Leave the images out, and otherwise write out each entry exactly.

Input records.
━━━━━━━━━━

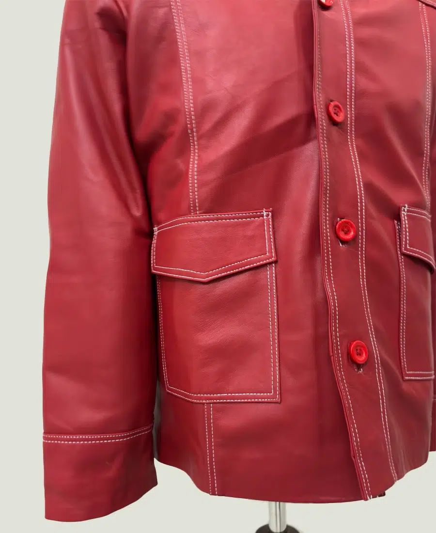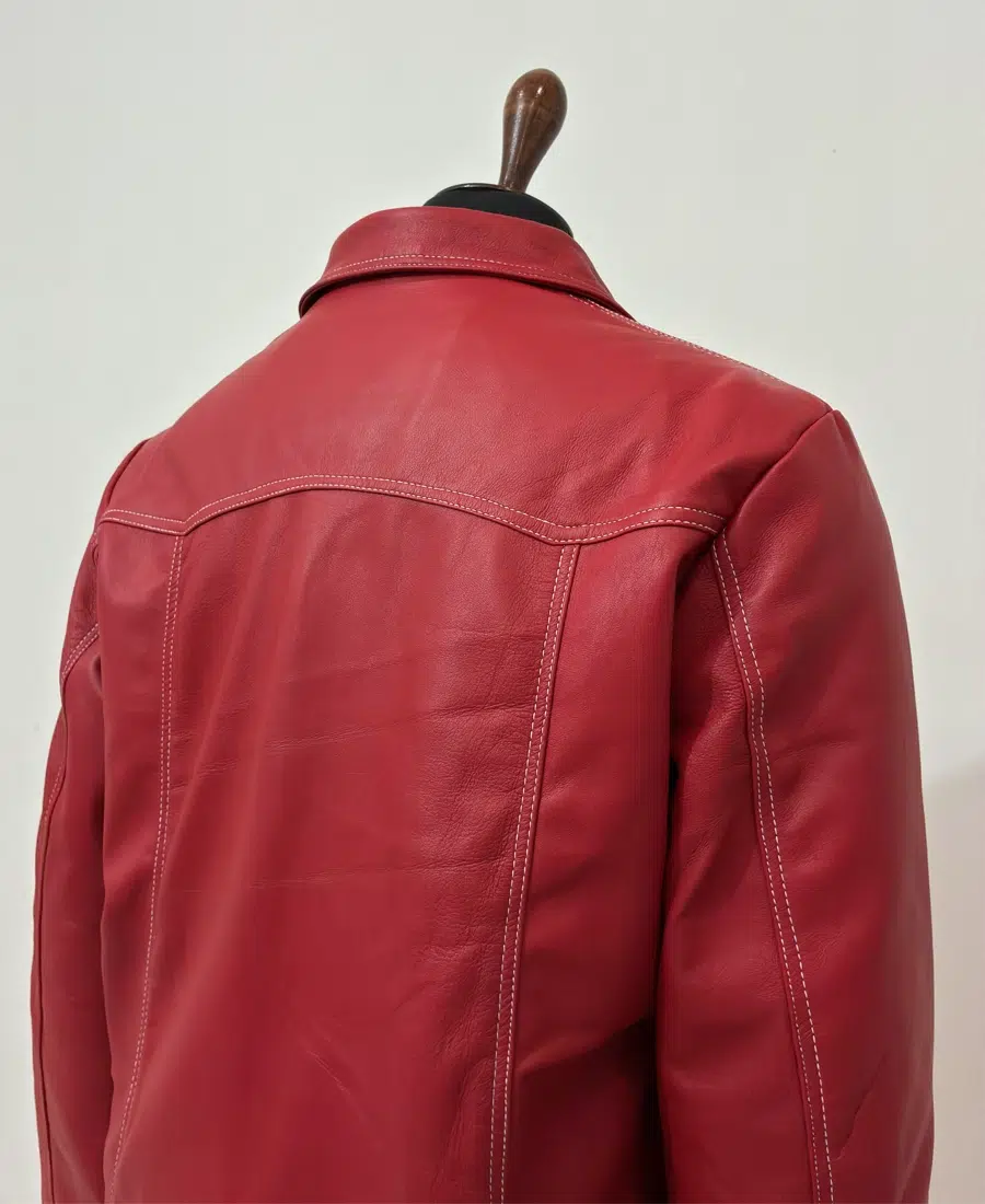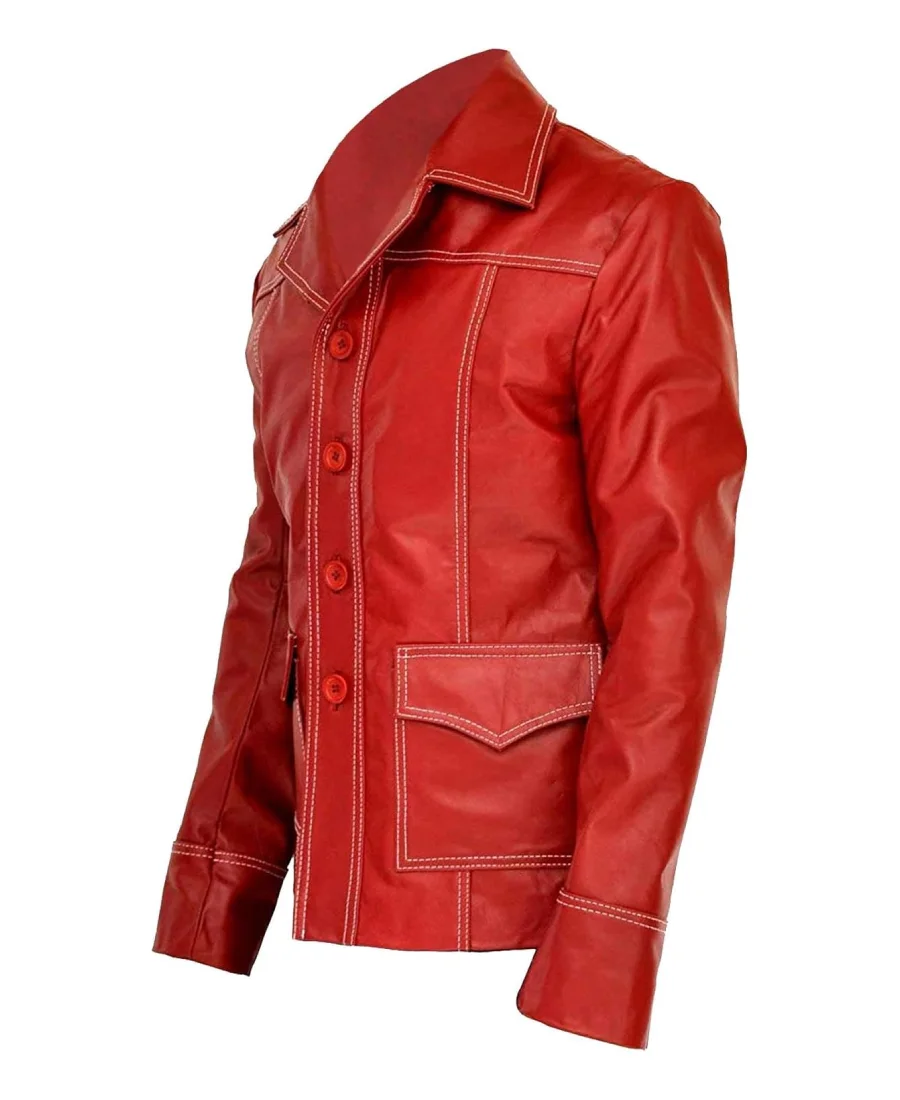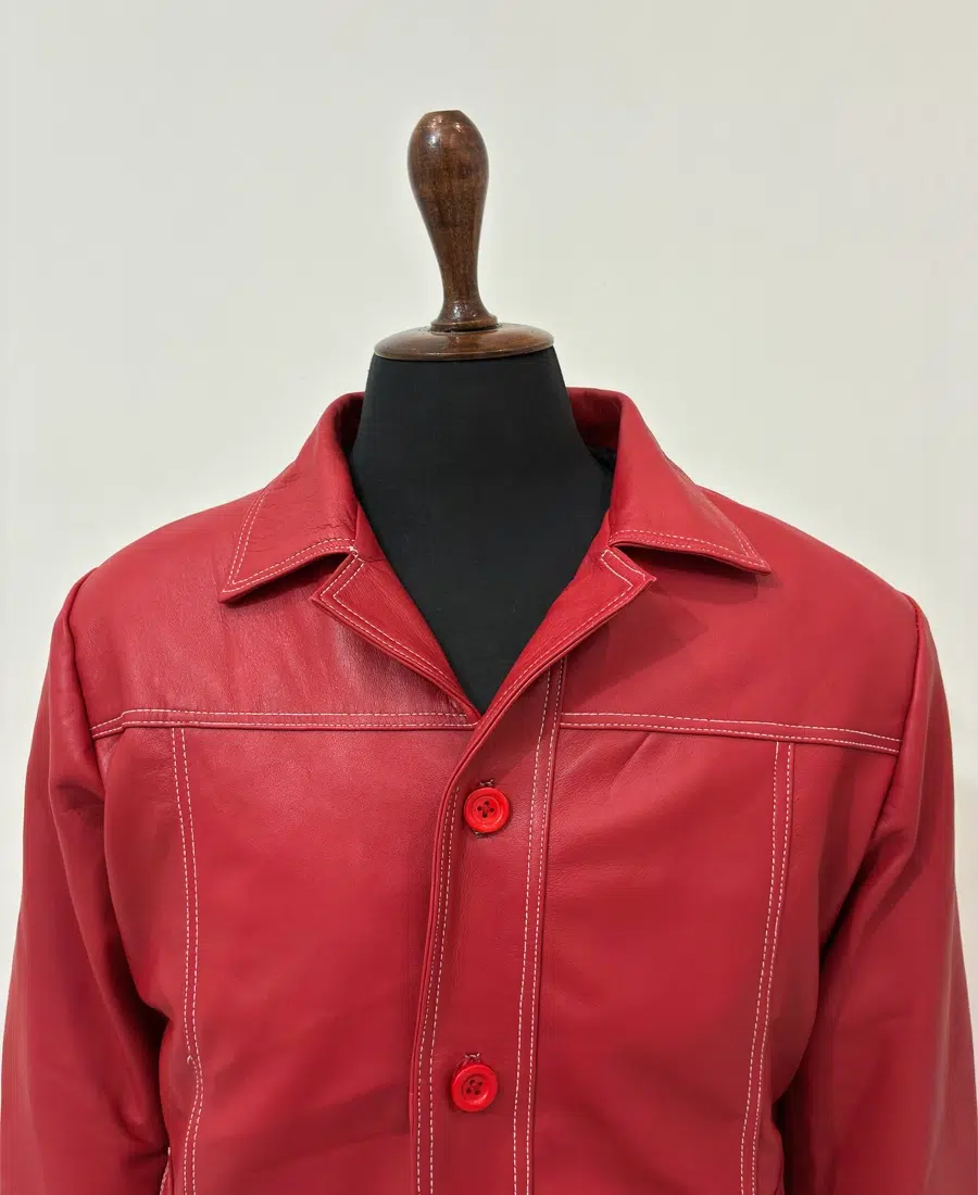 Handcrafted from 100% genuine lambskin leather, the jacket offers an exceptionally soft, supple texture while maintaining durability and structure. The bold blood-red color instantly commands attention, while the contrasting white stitching and classic biker silhouette highlight its vintage-inspired design. Featuring a front button closure, notch lapel collar, and multiple front pockets, every detail reflects the rugged charisma of Tyler Durden himself.
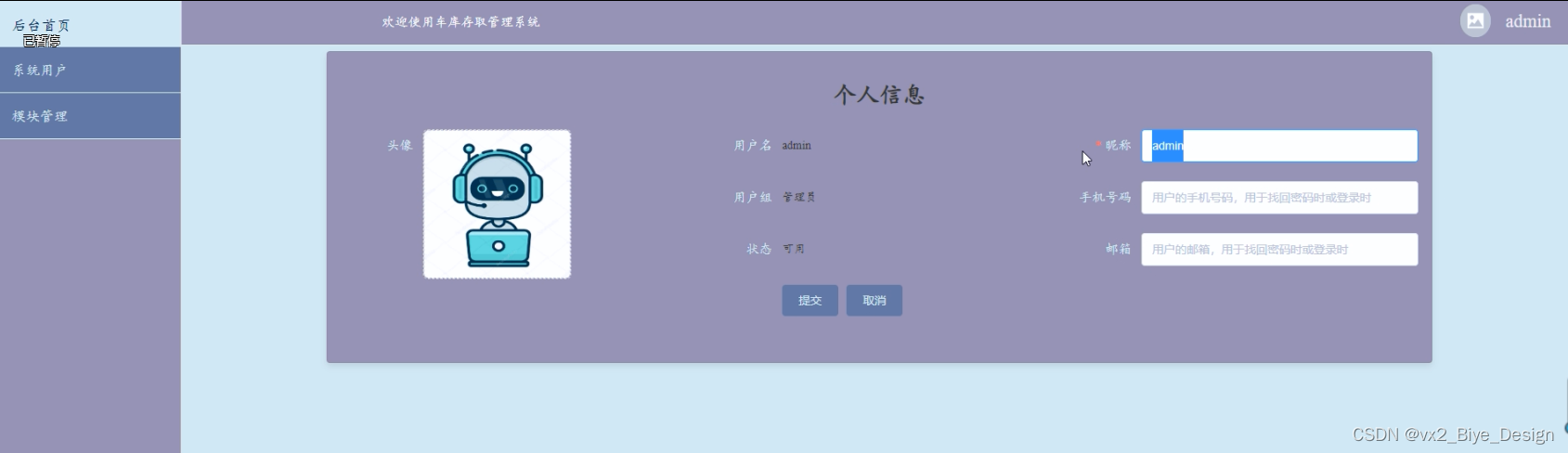 管理员和用户点击“个人信息”按钮,可以对个人的头像、昵称、手机号码等信息进行更新;个人信息界面如下图4.3所示。
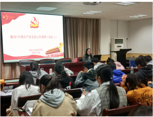 2019年4月28日晚,太阳集团tyc539第七期入党积极分子培训班第六讲在数统201报告厅开讲。此次党课学习邀请了数统院的辅导员马荣老师为学员们作《中国共产党支部工作条例(试行)》辅导报告。
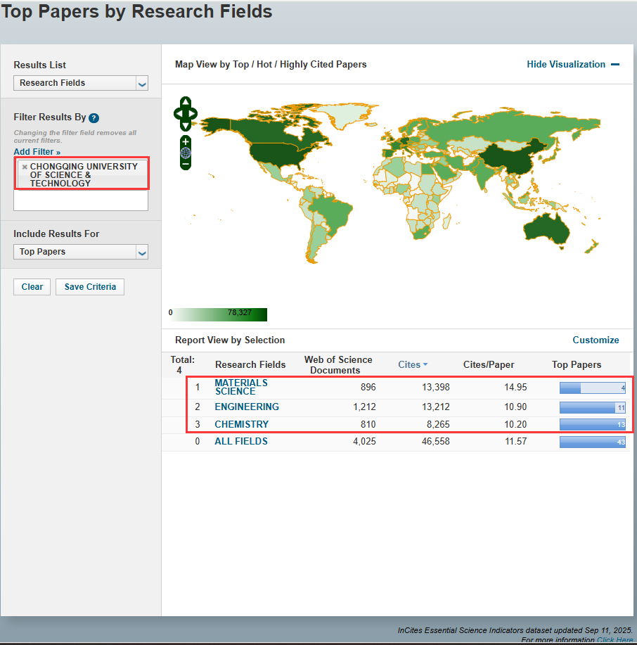根据科睿唯安公布的Essential Science Indicators(基本科学指标,简称ESI)最新数据显示,重庆科技大学化学(Chemistry)学科首次进入ESI全球排名前1%,标志着该校在化学学科领域的科研实力和学术影响力迈上了新台阶。这也是该校继工程学和材料科学后第3个进入ESI全球排名前1%的学科。
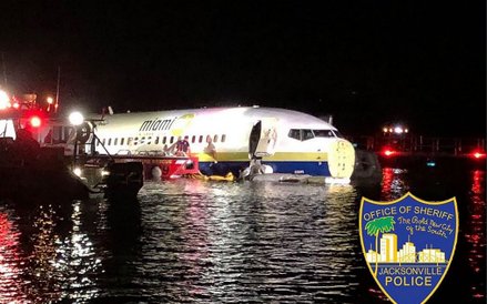 Podczas próby lądowania na Naval Air Station w Jacksonville boeing zsunął się z pasa i wylądował w rzece Św. Jana, najdłuższej rzece Florydy.
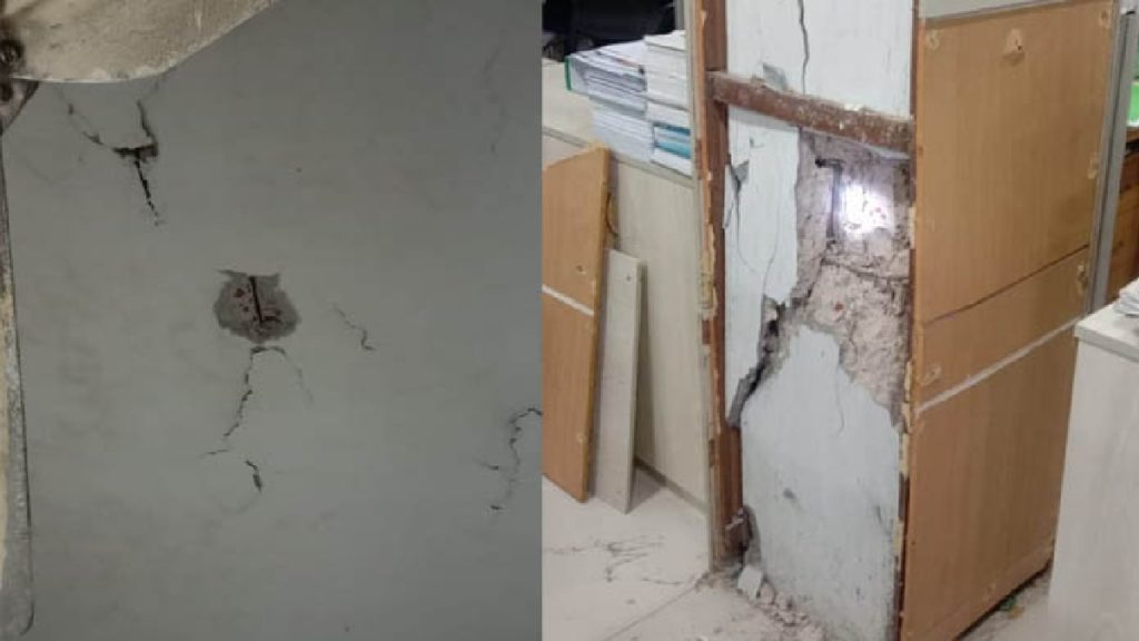রোববার (৬ মার্চ) বিকেলে হঠাৎ করেই ঐ ভবনের তৃতীয় তলায় একটি পিলারসহ দেয়ালের বেশ কিছু জায়গা থেকে পলেস্তারা খসে পড়ে। একসময় পিলারের রড বেরিয়ে বেঁকে যায়।

━━━━━━━━━━

Answer to this problem.
 Handcrafted from 100% genuine lambskin leather, the jacket offers an exceptionally soft, supple texture while maintaining durability and structure. The bold blood-red color instantly commands attention, while the contrasting white stitching and classic biker silhouette highlight its vintage-inspired design. Featuring a front button closure, notch lapel collar, and multiple front pockets, every detail reflects the rugged charisma of Tyler Durden himself.
 管理员和用户点击“个人信息”按钮,可以对个人的头像、昵称、手机号码等信息进行更新;个人信息界面如下图4.3所示。
 2019年4月28日晚,太阳集团tyc539第七期入党积极分子培训班第六讲在数统201报告厅开讲。此次党课学习邀请了数统院的辅导员马荣老师为学员们作《中国共产党支部工作条例(试行)》辅导报告。
根据科睿唯安公布的Essential Science Indicators(基本科学指标,简称ESI)最新数据显示,重庆科技大学化学(Chemistry)学科首次进入ESI全球排名前1%,标志着该校在化学学科领域的科研实力和学术影响力迈上了新台阶。这也是该校继工程学和材料科学后第3个进入ESI全球排名前1%的学科。
 Podczas próby lądowania na Naval Air Station w Jacksonville boeing zsunął się z pasa i wylądował w rzece Św. Jana, najdłuższej rzece Florydy.
রোববার (৬ মার্চ) বিকেলে হঠাৎ করেই ঐ ভবনের তৃতীয় তলায় একটি পিলারসহ দেয়ালের বেশ কিছু জায়গা থেকে পলেস্তারা খসে পড়ে। একসময় পিলারের রড বেরিয়ে বেঁকে যায়।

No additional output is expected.